Why did I pick 5,000 words per week?  I jumbled up business and creativity.  No fooling.

Whenever writers start a project, they need to have very good creative and business reasons.

Business and Creativity are odd companions for writers.  We need the first;  we thrive on the second.  We have to learn to work with both together.

If you haven’t yet done so, you need to create a Business Plan for yourself, projecting from where you are now to where you want to be five years from now.  This is Lesson 2.
·         Vision:  the image of where you want your business to be in five years
·         Mission:  the niche filled with your writing, the focus that will make your writing different from other writers of similar stories
·         Objectives:  concrete goals that prove you are fulfilling your vision
·         Strategies:  specific methods to help you achieve each concrete goal.
·         Plans:  pull out a calendar and start drafting your seasonal, monthly, and weekly plans that will complete each strategy and goal.

So, what did I do today?  I didn’t plan to write at all.  No fooling, even though it’s April Fool’s Day.

I planned to take off the day because I only took one day for myself during the entire month of March.  Remember what I said earlier?  Burning through projects can quickly burn you out.  I self-published a book in January, a second in February, and a third in March.

I ran errands.  I cooked.  I cleaned.  I played some games on my phone.

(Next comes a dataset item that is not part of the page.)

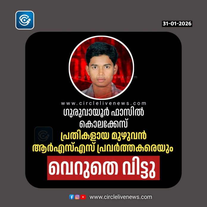 ഗുരുവായൂർ: ബ്രഹ്മകുളത്ത് എസ്.എഫ്.ഐ പ്രവർത്തകൻ ഫാസിൽ കൊലക്കേസിൽ പ്രതികളായ ആർ.എസ്.എസ് പ്രവർത്തകരായ മുഴുവൻ പ്രതികളെയും തൃശ്ശൂർ അഡീഷണൽ സെഷൻസ് കോടതി വെറുതെ വിട്ടു. 15 പ്രതികൾ ഉണ്ടായിരുന്ന കേസിൽ ഒരാളെ 2017 ൽ വെട്ടിക്കൊലപ്പെടുത്തിയിരുന്നു. വടക്കേതരകത്ത് ആനന്ദനേ(23)യായിരുന്നു വെട്ടിക്കൊലപ്പെടുത്തിയത്. ബാക്കി പ്രതികളായ തൈക്കാട് ബ്രഹ്മകുളം ചേറാടി സുമേഷ് (29), ചക്കണ്ട ശിവദാസൻ (24), പുതുമനശേരി ബിനോയ് (31), കോറോട്ട് സുധീഷ് (27), മാടമ്പാറ വിശ്വൻ (28), കൈതക്കാട്ട് വിപിൻദാസ് (26), വിളക്കത്തല ശ്രീകണ്ഠൻ (33), വിളക്കത്തല സുരേഷ് കുമാർ (ശ്രീജിത്ത്, 28), പാണ്ഡാരിക്കൽ കുന്നുമ്മേൽ സനോജ് (26) പട്ടിക്കാട് വിഷ്ണു (സുത്തുമണി, 20), കുരുവള്ളിപ്പറമ്പിൽ പ്രദീപ് (19), മണിയൻതറ നീരജ് (24), എങ്ങടി ശ്രീകുമാർ (20), പുതുമനശേരി ശാന്തീപ് (30) എന്നിവരേയാണ് കുറ്റക്കരല്ലെന്ന് കണ്ട് കോടതി വെറുതെ വിട്ട് കൊണ്ട് ഉത്തരവായത്. സർക്കിൾ ലൈവ് ന്യൂസ് അപ്ഡേറ്റ് . പ്രോസിക്യൂഷൻ സംശയാസ്പദമായി കേസ് തെളിയിക്കുന്നതിൽ പരാജയപ്പെട്ട സഹാചര്യത്തിലാണ് മുഴുവൻ പ്രതികളെയും വെറുതെ വിട്ടുകൊണ്ടുള്ള കോടതി ഉത്തരവ്.’2013 നവംബർ നാലിനായിരുന്നു കേസിനാസ്പദമായ സംഭവം. വീട്ടിലേക്ക് ബൈക്കിൽ വരികയായിരുന്ന ഫാസിലിനെ ആർഎസ്എസ് സംഘം വെട്ടിക്കൊലപ്പെടുത്തുകയായിരുന്നു. പ്രോസിക്യൂഷൻ ഭാഗത്ത് നിന്ന് 4 ദൃസാക്ഷികളുൾപ്പെടെ 38 സാക്ഷികളെ വിസ്തരിക്കുകയും 131 രേഖകൾ ഹാജരാക്കുകയും ചെയ്തെങ്കിലും സംശയാസ്പദമായി കേസ് തെളിയിക്കുവാൻ സാധിക്കാത്ത സാഹചര്യത്തിലാണ് 14 പ്രതികളെയും കോടതി വെറുതെ വിട്ടത്. പ്രതിഭാഗത്തിന് വേണ്ടി അഡ്വ. പി.എസ് ഈശ്വരൻ, അഡ്വ. ടി.സി കൃഷ്ണൻ നാരായണൻ, അഡ്വ. അക്ഷയ് ബാബുരാജ്, അഡ്വ. കെ സജിത്ത് എന്നിവർ ഹാജരായി.

But the work that I’d accomplished last week called to me, giving me ideas for this upcoming week.  So, in extremely rough form, across 10 index cards, I sketched out several ideas.

This is Lesson 3.  If you have several ideas flood over you, scribble them down.  You don’t need to write them neatly.  They just have to be readable.  They don’t even have to be organized.

I know that I wrote more than 20 words per card, but a conservative estimate of wpd is 200.  

That’s what I’m recording.  That’s what I’m telling you.  With no fooling.